According to my local BMW Service Manager, 88 ft-lbs is an urban legend - shows that folks will believe anything they read on the internet. If he is wrong, please advise as to the official BMW reference.

Jim


----------



## CMOS (Oct 1, 2002)

*Re: 88 ft-lbs for wheel lugs for e46 sedan is NOT CORRECT.*

Page 144, "Changing a wheel", Col. 2, para. 3 in my 2003 330i Owner's Manual (the one that comes with the car):

"torque specification: 88.5 lb ft/120 Nm"

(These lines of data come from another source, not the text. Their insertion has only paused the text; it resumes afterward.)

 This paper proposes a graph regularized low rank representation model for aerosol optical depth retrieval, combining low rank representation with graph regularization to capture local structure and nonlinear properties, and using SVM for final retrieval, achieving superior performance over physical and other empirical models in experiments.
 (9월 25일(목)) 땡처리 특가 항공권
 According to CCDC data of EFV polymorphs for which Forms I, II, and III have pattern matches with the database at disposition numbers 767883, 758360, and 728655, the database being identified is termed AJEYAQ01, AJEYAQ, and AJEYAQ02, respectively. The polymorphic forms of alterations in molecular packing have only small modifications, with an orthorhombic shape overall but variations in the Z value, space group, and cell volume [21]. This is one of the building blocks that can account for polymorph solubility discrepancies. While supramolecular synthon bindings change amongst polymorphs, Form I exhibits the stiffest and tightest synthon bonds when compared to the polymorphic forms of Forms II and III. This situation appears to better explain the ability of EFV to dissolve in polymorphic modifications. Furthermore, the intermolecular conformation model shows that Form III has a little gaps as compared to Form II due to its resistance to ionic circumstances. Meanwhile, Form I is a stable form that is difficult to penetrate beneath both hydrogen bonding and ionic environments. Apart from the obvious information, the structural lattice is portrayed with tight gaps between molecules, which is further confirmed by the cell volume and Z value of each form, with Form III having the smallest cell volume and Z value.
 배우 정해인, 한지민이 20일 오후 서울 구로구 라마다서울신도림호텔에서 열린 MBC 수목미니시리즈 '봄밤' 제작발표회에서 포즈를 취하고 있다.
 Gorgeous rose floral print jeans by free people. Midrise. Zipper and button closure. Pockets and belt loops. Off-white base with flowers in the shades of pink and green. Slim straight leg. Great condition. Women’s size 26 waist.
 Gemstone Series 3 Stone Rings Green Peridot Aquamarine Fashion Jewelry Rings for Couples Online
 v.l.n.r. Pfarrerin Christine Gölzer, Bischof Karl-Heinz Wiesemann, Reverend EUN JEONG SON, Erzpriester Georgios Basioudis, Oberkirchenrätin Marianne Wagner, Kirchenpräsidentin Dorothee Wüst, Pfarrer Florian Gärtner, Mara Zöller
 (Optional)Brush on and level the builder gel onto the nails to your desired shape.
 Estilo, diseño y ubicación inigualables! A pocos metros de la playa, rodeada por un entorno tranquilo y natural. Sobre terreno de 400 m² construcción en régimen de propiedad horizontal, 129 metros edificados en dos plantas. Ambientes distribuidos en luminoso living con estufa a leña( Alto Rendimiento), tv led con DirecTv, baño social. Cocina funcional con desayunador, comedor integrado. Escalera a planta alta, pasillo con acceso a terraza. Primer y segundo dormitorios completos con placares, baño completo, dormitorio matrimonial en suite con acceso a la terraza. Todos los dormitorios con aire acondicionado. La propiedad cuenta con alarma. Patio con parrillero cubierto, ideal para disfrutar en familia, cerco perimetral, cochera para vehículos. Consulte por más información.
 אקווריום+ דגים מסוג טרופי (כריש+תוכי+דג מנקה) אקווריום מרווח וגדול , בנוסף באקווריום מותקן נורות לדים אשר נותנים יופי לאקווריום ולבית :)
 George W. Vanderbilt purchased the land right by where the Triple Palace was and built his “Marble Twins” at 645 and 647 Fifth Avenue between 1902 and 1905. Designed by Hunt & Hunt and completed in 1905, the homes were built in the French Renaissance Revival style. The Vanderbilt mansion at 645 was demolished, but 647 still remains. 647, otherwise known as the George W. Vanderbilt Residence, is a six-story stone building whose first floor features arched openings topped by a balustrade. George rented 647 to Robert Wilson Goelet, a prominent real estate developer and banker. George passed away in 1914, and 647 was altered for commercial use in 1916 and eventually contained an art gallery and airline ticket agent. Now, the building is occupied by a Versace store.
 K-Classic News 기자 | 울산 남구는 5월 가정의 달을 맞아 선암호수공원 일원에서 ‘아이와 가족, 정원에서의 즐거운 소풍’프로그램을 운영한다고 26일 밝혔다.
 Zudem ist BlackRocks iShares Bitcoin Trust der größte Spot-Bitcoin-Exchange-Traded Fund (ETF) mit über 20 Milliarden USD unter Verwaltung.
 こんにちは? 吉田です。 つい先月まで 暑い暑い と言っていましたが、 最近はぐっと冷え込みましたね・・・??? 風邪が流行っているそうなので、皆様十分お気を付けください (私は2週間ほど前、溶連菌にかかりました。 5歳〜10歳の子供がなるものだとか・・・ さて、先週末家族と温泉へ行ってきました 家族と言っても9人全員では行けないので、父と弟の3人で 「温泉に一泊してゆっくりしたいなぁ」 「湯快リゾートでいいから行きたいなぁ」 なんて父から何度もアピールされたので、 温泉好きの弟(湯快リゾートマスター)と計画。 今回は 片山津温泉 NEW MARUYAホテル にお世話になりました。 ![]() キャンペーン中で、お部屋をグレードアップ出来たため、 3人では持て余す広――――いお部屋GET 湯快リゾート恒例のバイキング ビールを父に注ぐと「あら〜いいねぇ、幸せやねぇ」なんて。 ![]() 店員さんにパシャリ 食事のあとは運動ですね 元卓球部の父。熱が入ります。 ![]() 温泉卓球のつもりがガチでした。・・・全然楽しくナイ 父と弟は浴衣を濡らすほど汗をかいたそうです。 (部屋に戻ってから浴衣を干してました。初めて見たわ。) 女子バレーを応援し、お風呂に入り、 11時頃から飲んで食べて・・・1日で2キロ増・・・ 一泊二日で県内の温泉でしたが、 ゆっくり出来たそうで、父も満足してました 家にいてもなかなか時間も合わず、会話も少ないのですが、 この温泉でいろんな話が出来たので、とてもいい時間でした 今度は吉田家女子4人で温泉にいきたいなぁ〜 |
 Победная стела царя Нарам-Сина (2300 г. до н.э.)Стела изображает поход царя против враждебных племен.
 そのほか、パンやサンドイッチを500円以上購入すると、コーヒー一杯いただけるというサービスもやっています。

Some folks will believe anything they read in the manual!



abqhudson said:


> *According to my local BMW Service Manager, 88 ft-lbs is an urban legend - shows that folks will believe anything they read on the internet. If he is wrong, please advise as to the official BMW reference.
> 
> Jim *


----------



## e46shift (Oct 12, 2002)

*Re: Re: 88 ft-lbs for wheel lugs for e46 sedan is NOT CORRECT.*



CMOS said:


> *
> Some folks will believe anything they read in the manual!
> 
> *


:lmao:


----------



## Artslinger (Sep 2, 2002)

*Re: 88 ft-lbs for wheel lugs for e46 sedan is NOT CORRECT.*



abqhudson said:


> *According to my local BMW Service Manager, 88 ft-lbs is an urban legend - shows that folks will believe anything they read on the internet. If he is wrong, please advise as to the official BMW reference.
> 
> Jim *


From my personal experiences... don't believe everything a BMW service manager tells you.


----------



## abqhudson (Dec 22, 2001)

*Thanks for the correction.*

Based on the new information - 2003 Owners Manual - my local BMW Service Manager now says that the new torque specification of 88 ft-lbs applies to all e46 cars. Thanks for the help.

Jim


----------